Election fever is in the air and picking up. The Telangana government is all set to issue a GO notifying 10 percent quota for tribals in education and employment. CM KCR challenged the Centre to welcome the TS move for the quota wishes, or else, it would become a noose for Modi.
The state government had passed a resolution to the effect about five years back. Save for writing a few letters as claimed by the CM, it allegedly did not get any response from the Centre. However, it does not appear to have done anything more to keep the promise. With Munugodu bypolls round the corner and general elections a year away and to check the surge of BJP in the state, the TRS took up the issue and moved further on it.
The KCR government argues that Tamil Nadu has been following 69% quota, including 26.5 per cent for BCs, 3.5% for Backward Caste Muslims, 20% for Most Backward Castes. All these sections are generally classified as OBCs. Besides, the TN State provides 15% reservation for the SC, 3% for a sub-community of SCs and 1% for the STs and got its reservation law included in the Ninth Schedule of the Constitution.
In Indra Sawhney vs Union of India, 1992, the apex court capped caste-based reservation, ruling that "no provision of reservation or preference can be so vigorously pursued as to destroy the very concept of equality." The States and the Union have by and large accepted this. Any reservation beyond 50% threshold would be liable to be struck down.
In 1979, the Janata Party government constituted the Second Backward Classes Commission – popularly known as the Mandal Commission after its chairman and a Bihar MP Bindheshwar Mandal – with the mandate to identify India's socially or educationally backward classes. At the time, India already had reservation for Dalits and Adivasis. The Mandal Commission's report, submitted in 1980, called for giving reservation to the Other Backward Classes. Soon after the report was submitted, the Congress returned to power and the proposal was put in cold storage.
It took a decade and another non-Congress government, this time led by VP Singh, implemented the Mandal Commission's recommendations, sparking a storm of protests and a petition to the Supreme Court which came to be known as the Indra Sawhney case. Ruling on the petition, the court partially accepted the government's new policy, allowing for 27% reservation for the Other Backward Classes, but put in a crucial rider: socially and economically advanced individuals among the Other Backward Classes will not be covered.
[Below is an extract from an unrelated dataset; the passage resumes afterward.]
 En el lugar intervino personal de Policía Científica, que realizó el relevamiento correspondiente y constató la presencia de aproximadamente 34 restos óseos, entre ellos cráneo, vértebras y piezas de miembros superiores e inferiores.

The court also held that the share of jobs, or educational or legislative seats reserved for different communities cannot together exceed 50%.
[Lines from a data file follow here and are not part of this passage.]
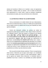 sistemas anti narcóticos en México son el resultado a veces, de negociaciones entre México y Estados Unidos, por ejemplo, o bien el cambio de atribuciones entre organizaciones en el plano interior, cuando se transfieren competencias entre secretarías de estado, para el caso del fenómeno de la militarización. 1.6 LAS PRÁCTICAS “MITICAS” DE LAS INSTITUCIONES Como ya mencionamos en el análisis histórico del nuevo institucionalismo, vemos cómo las instituciones basan su éxito en la medida que las organizaciones que las respetan alcanzan los objetivos para los que fueron diseñados por ciertos agentes estratégicos. Durante este desempeño cotidiano, las prácticas que realizan las organizaciones pueden alcanzar el grado de “mitos”. Meyer y Rowan le denominan una “mitificación racional”, misma que conlleva a la evolución de los sistemas institucionales (Meyer y Rowan, 1999: 86). Las prácticas reiteradas y casi inamovibles (costumbres), permiten explicar los comportamientos gerenciales de las organizaciones (Gagliardi, 1999: 184). Es decir, las organizaciones en determinado momento alcanzan los objetivos para los que fueron creados, e infieren que los procedimientos que implementan para alcanzarlos son los ideales, muchas veces ignorando que el problema que una vez fue resuelto puede volver a sobrepasar las organizaciones responsables de la toma de decisiones, por lo que lo ideal sería renovar el marco institucional; pero como se tiene el mito que el procedimiento es el idóneo, hay cierta reticencia al cambio. Esto nos permite entender diversas cuestiones. Primero, las organizaciones actúan acorde a instituciones que de alguna manera llegan a ser consideradas como inamovibles, alcanzan el carácter de “mitos institucionalizados”, debido a que los agentes que respetan dichas instituciones no contemplan siquiera la posibilidad de que haya un cambio en sus actividades que pudiese representar 30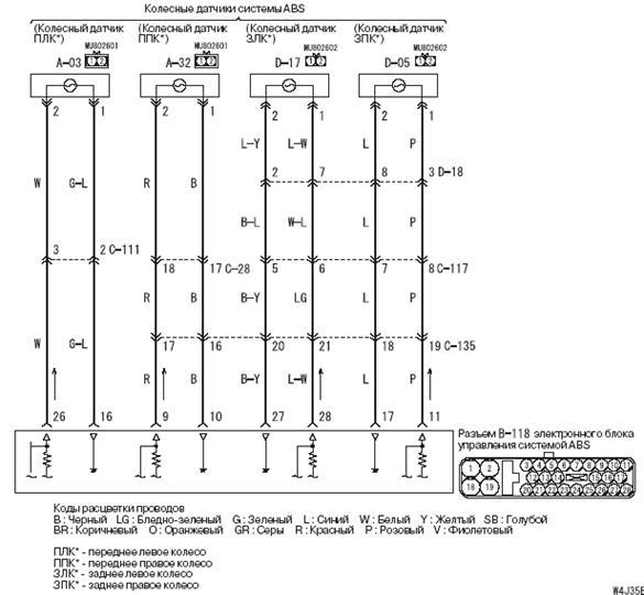Система 4ABS обеспечивает курсовую устойчивость автомобиля и его управляемость во время резкого торможения. Эта система ABS использует 3-х канальную систему с 4-я датчиками, которая независимо управляет правым и левым передними колесами, а также одновременно управляет задними колесами (выбор понижающего уровня управления - selectlow control*). В основном эта система та же, что и использовалась прежде в автомобилях COLT/LANCER.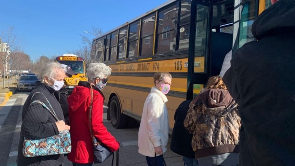 North Kansas City Schools partners with a local coalition to transport 80 senior citizens to get their coronavirus vaccines.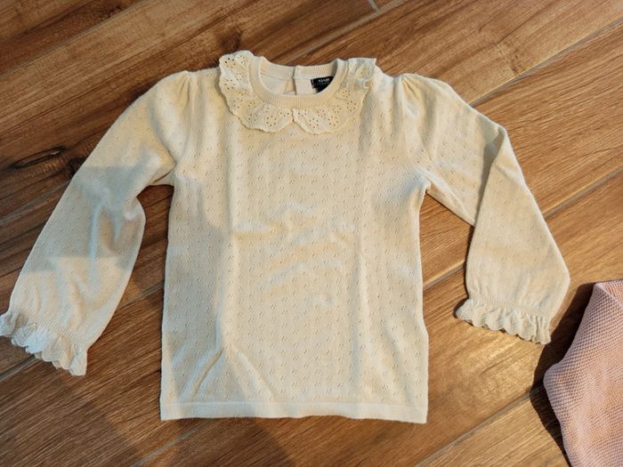 Lot 3 ans sarouel fleuri+ tee shirt vert d'eau+ 2 pulls: rose et écru pointelle - photo numéro 8
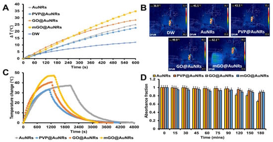 (A) Photothermal response of water, AuNRs, PVP@AuNRs, GO@AuNRs, and mGO@AuNRs after irradiation with laser at 1.27 W.cm−2 for 10 min. (B) Thermal IR images of water, AuNRs, PVP@AuNRs, GO@AuNRs, and mGO@AuNRs after irradiation with laser at 1.27 W.cm−2 for 10 min. (C) Temperature profile generated by AuNRs, PVP @AuNRs, GO@AuNRs, and mGO@AuNRs after irradiation with 808 nm laser at 1.27 W.cm−2 (D) LSPR absorbance fraction after 70 °C incubation of AuNRs, PVP@AuNRs, GO@AuNRs, and mGO@AuNRs at different times (0, 15, 30, 60, 75, 90, 120, 150, and 180 min) intervals.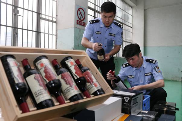 Customs anti-smuggling officers were inspecting the smuggled wine.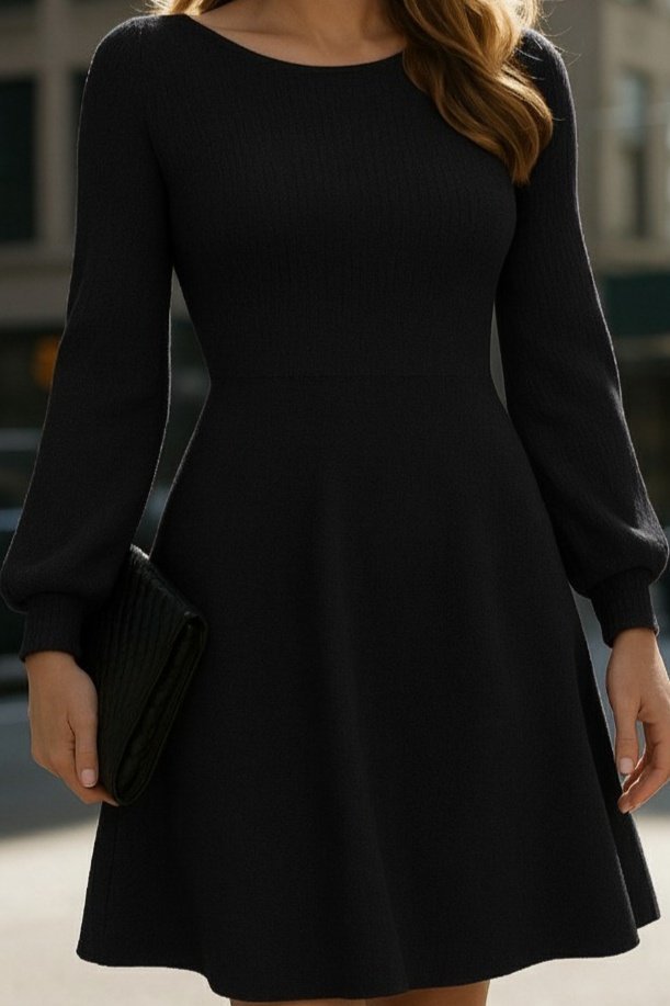 Kadın Uzun Kollu Kayık Yaka Kısa Triko Elbise

The court did not explain why 50% is "reasonable" when the Other Backward Classes alone are at least 52% of the population. In any case, the 50% ceiling meant the Other Backward Classes received 27% share in the reservation pie while Dalits and Adivasis together got 22.5%, bringing the total to 49.5%.
Tamil Nadu added to the confusion by ensuring the Supreme Court's judgement did not weaken its reservation system, which was more extensive than anywhere else in India. The Assembly passed the Tamil Nadu Backward Classes Act which was subsequently included into the Ninth Schedule of the Constitution through the 76th Constitution Amendment passed by Parliament in 1994.
Many other states want to have a similar leverage. Maharashtra wants to provide reservation for Marathas, Rajasthan and Odisha wanted to extend reservation to new groups. In Gujarat, Patidars have been agitating, sometimes violently, for reservation. Karnataka wants the reservation cap to be raised 70%, whereas Andhra Pradesh and Telangana want it at 55% and 62% respectively. The two Telugu states have already passed laws and want that they too should be included in the Ninth schedule like Tamil Nadu. However, it is not that easy since the Tamil Nadu's reservation policy itself is now facing scrutiny by the Supreme Court. But it can be a poll issue and a good strategy to blame the Centre.